Goal of the exercise =>
What must be handed in is the entire listing, exactly as written, with no pictures.

Given material =>
- Opening Delimiter -

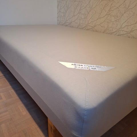 IKEA SULTAN sänky / runkopatja. Puinen runko ja vaaleasävyinen, valkoinen päällinen. Päällisessä näkyy käytön jälkiä ja tahroja, jotka on hyvä huomioida. Soveltuu käytettäväksi sellaisenaan tai esimerkiksi vierasvuoteena tai mökkisänkynä. 120 leveä ja 200 pitkä.
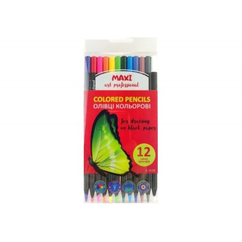 Олівці кольор. 12 кольор. Maxi MX15105 для чорного та білого паперу(12)(144)
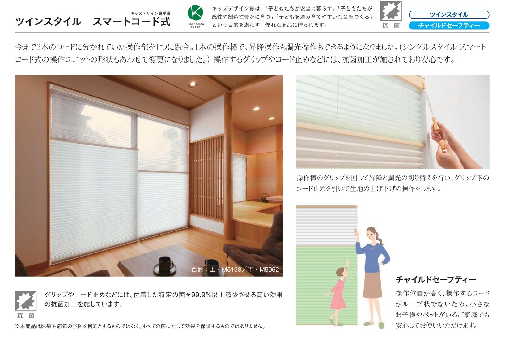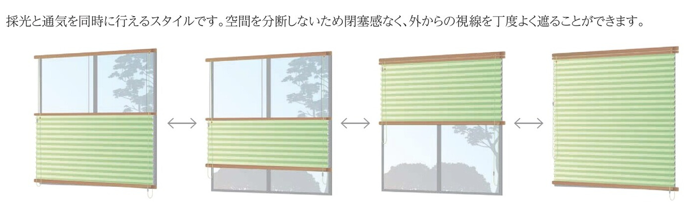 シースルーの生地と不透明生地を上下に配置し、1台2役の機能で
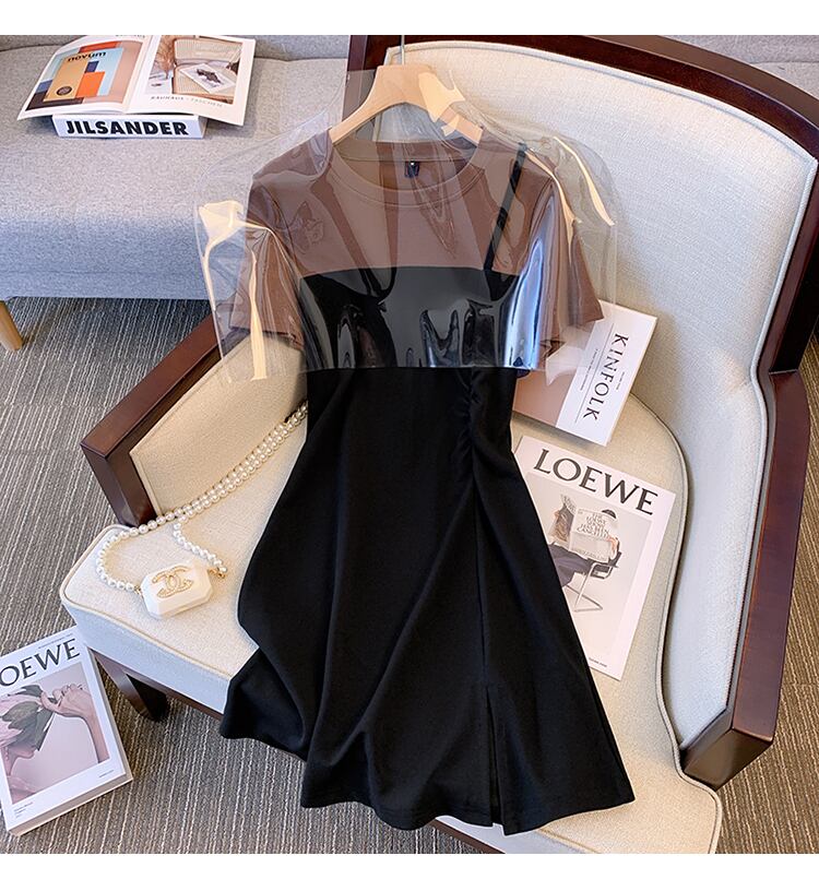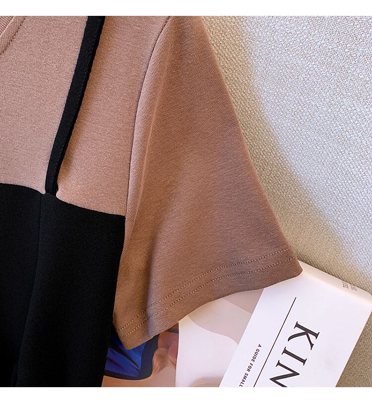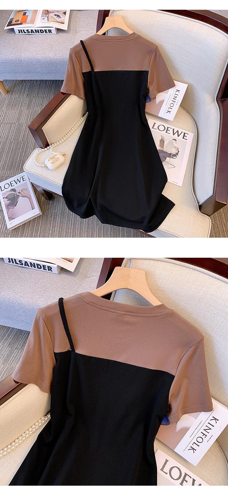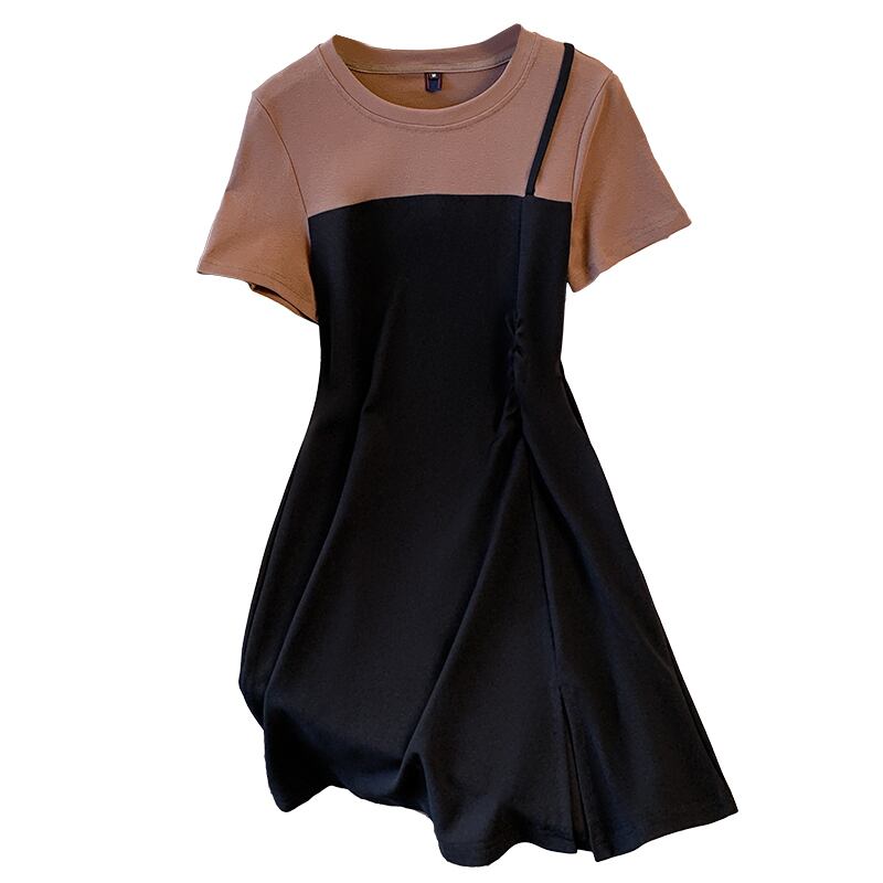 大きいサイズの婦人服2022夏の新しいファットシスターデザインセンスウエストコントラストカラーフレンチステッチフェイクツーピースドレス 大きめサイズ サマー 夏物 8884172494241521

- Closing Delimiter -

Written solution =>
 IKEA SULTAN sänky / runkopatja. Puinen runko ja vaaleasävyinen, valkoinen päällinen. Päällisessä näkyy käytön jälkiä ja tahroja, jotka on hyvä huomioida. Soveltuu käytettäväksi sellaisenaan tai esimerkiksi vierasvuoteena tai mökkisänkynä. 120 leveä ja 200 pitkä.
 Олівці кольор. 12 кольор. Maxi MX15105 для чорного та білого паперу(12)(144)
 シースルーの生地と不透明生地を上下に配置し、1台2役の機能で
 大きいサイズの婦人服2022夏の新しいファットシスターデザインセンスウエストコントラストカラーフレンチステッチフェイクツーピースドレス 大きめサイズ サマー 夏物 8884172494241521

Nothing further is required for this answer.